Oslo, DSLs, MDD, and more…

It’s amazing how long it can take for some things to become a reality. Back in the corn fields of central Illinois in the early 90’s, I was in graduate school working for a professor that was researching visual programming languages. While the project was focused on building tools for visual programming languages, and not as much on visual programming itself, it certainly was interested. Here we are, almost 15 years later, and what’s the latest news from Microsoft? Visual programming languages. Okay, they’re calling it model driven development (which isn’t new either).

It will be very interesting to see if Microsoft can succeed in this endeavor. I suspect that they will, simply because Microsoft has a unique relationship with their development community, something that none of the Java players do. While there were competing tools for quite a few years, you’d be hard pressed to find an organization doing Microsoft development that isn’t using Visual Studio. You’d also be hard pressed to find an organization that isn’t leveraging the .NET framework. While the Java community has Eclipse, there’s still enough variation of the environment through the extensive plugin network that it’s a different beast. So, if Microsoft emphasizes model driven development in Visual Studio, it’s safe to say that a good number of developers will follow suit. As a point of comparison, BEA did the same thing over 5 years ago when they introduced WebLogic Workshop in February of 2002. This article stated:

BEA is calling WebLogic Workshop the first integrated application development environment with visual interfaces to Java and J2EE… “We’re radically changing the way people development applications,” said Alfred Chuang, president and CEO of BEA… Chuang said WebLogic Workshop could improve the application development and deployment cycle by as much as 100 times.

Hmmm… I’m getting a sense of deja vu. I’m hopeful that Microsoft can achieve better successes than BEA did. Point of fact, I don’t think it had anything to do with the quality of BEA’s offering. At the time, I had someone working for me look into Workshop. I was very surprised when the answer was not, “This is just a bunch of fluff, we need to keep writing the code” and instead was, “Wow, this really did improve my productivity.” Unfortunately, many developers will take their text-based editor to the grave with them so they can continue to write code.

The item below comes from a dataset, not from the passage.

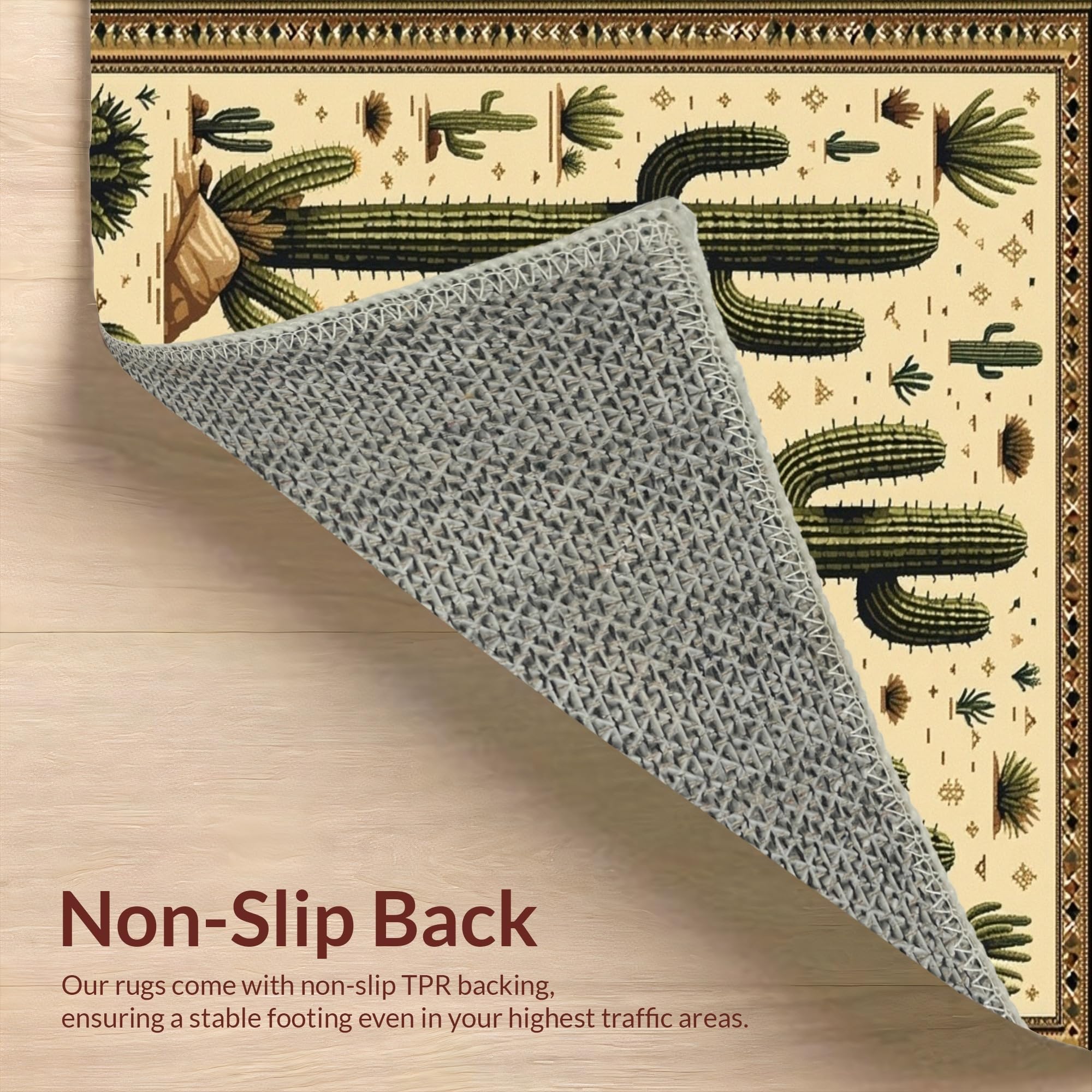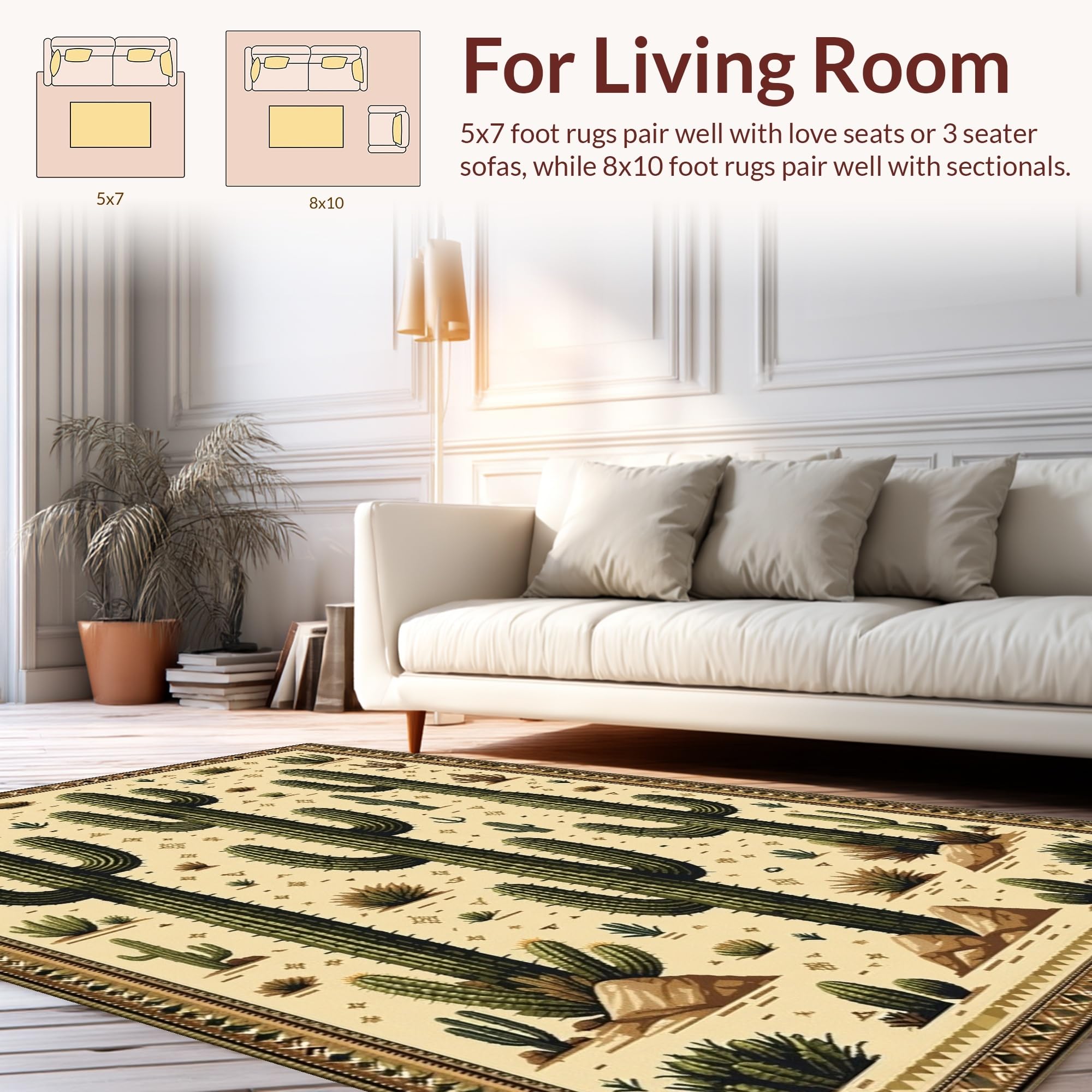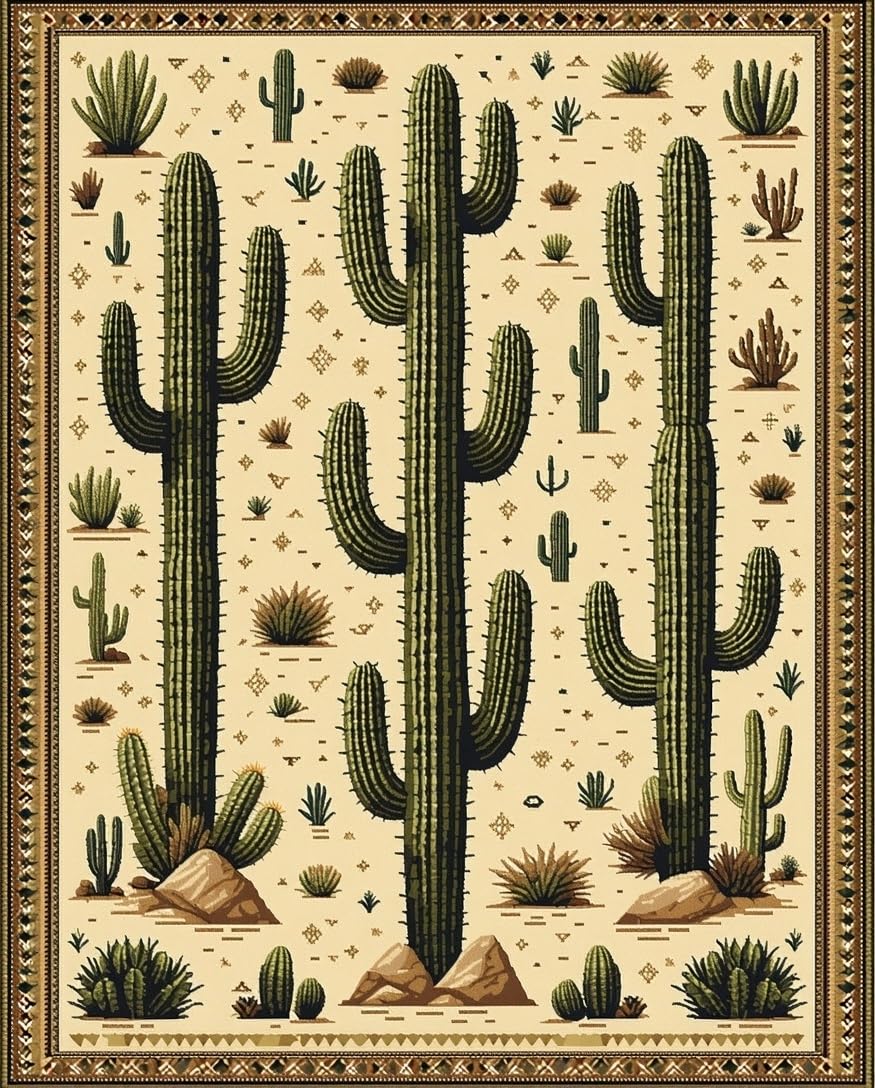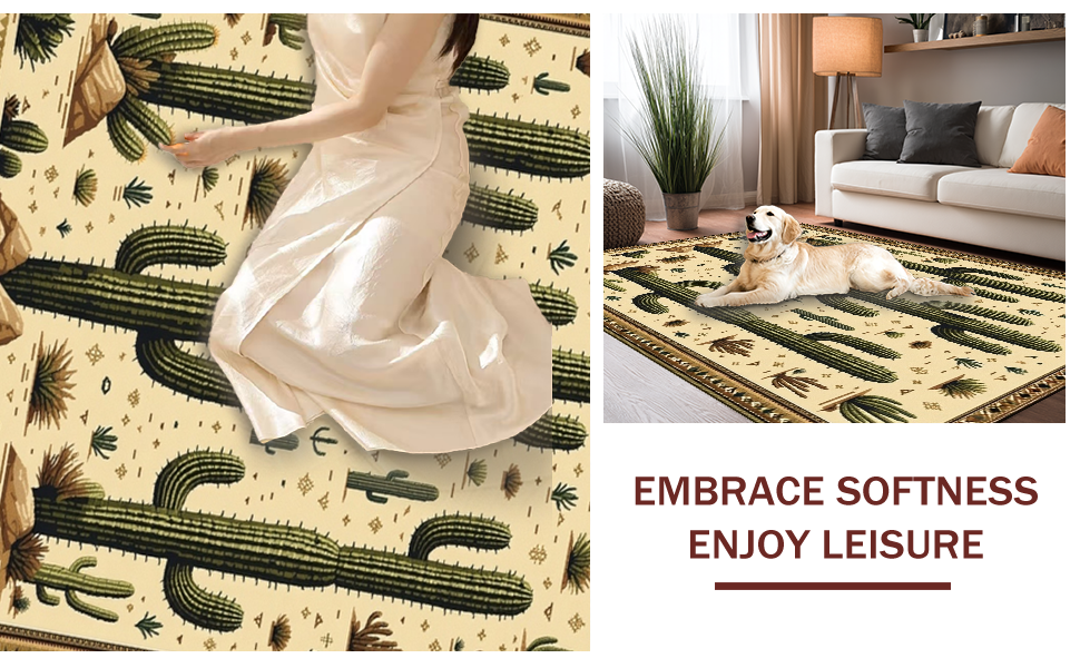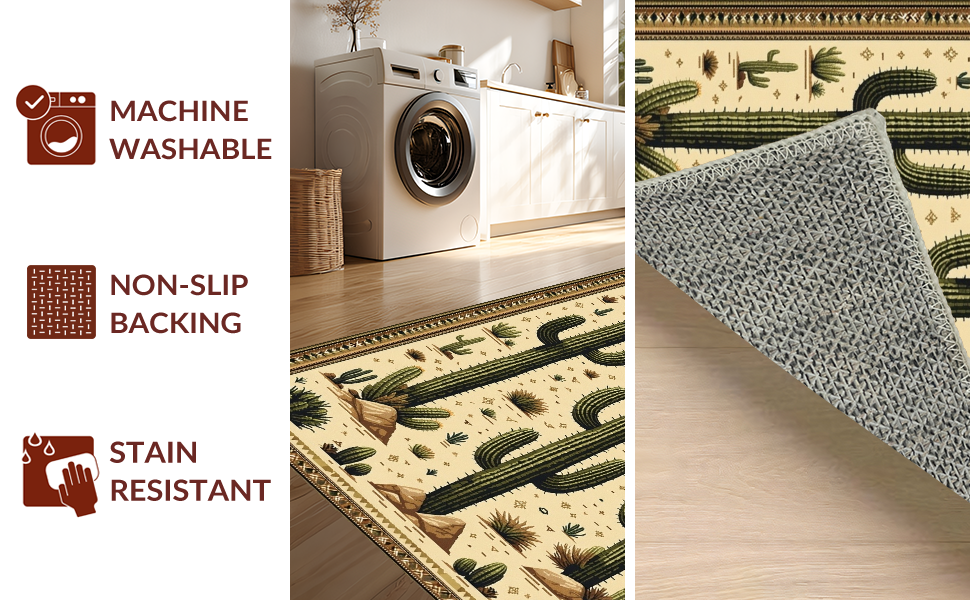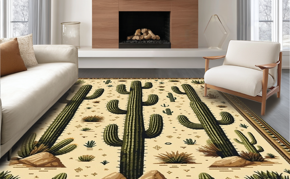 Ultra Soft Area Rug, Non Slip, Stain Resistant, Washable Area Rugs for Living Room, Bedroom, Trendy Retro Cowboy Inspired Art(Beige) Overview:

In a similar vein, Phil Windley had a post on domain specific languages or DSLs. He points out that he is “a big believer in notation. Using the right notation to describe and think about a problem is a powerful tool.” Further on, he states, “GPLs (General Purpose Languages) are, by definition, general. They are designed to solve a wide host of problems outside the domain I care about. As a result, expressing something I can put in a line of code in a DSL takes a dozen in most GPLs.” Now Phil focuses on textual notations in his post, but I’d argue that there’s no reason that the notation can’t be symbolic. It may make the exercise of writing a parser more difficult, but then again, I’m pretty sure that the work I did back in grad school wound up having some in-memory representation of what was graphically shown in the editor that would have been pretty easy to parse. Of course, the example I used in my thesis wound up being music notation, which didn’t have such an internal representation, but I’m getting off the topic. If there are any grad students reading this blog, I think a parser for music notation is an interesting problem because it doesn’t follow the more procedural, flow chart like approach that we all too often see.

Anyway, back to the point. I 100% agree with Phil that a custom notation can make a smaller subset of programming tasks far more efficient. So much of what we do in corporate IT is just data in/data out type operations, and a language tuned for this, whether graphical or textual can help. The trend right now is toward graphical tools, toward model driven development. There will always be a need for GPLs, and we’ll continue to have them. But, given the smaller subset of typical corporate IT problems, it’s about time we start making things more efficient through DSLs, and model driven development. Let’s just hope it doesn’t take another 15 years.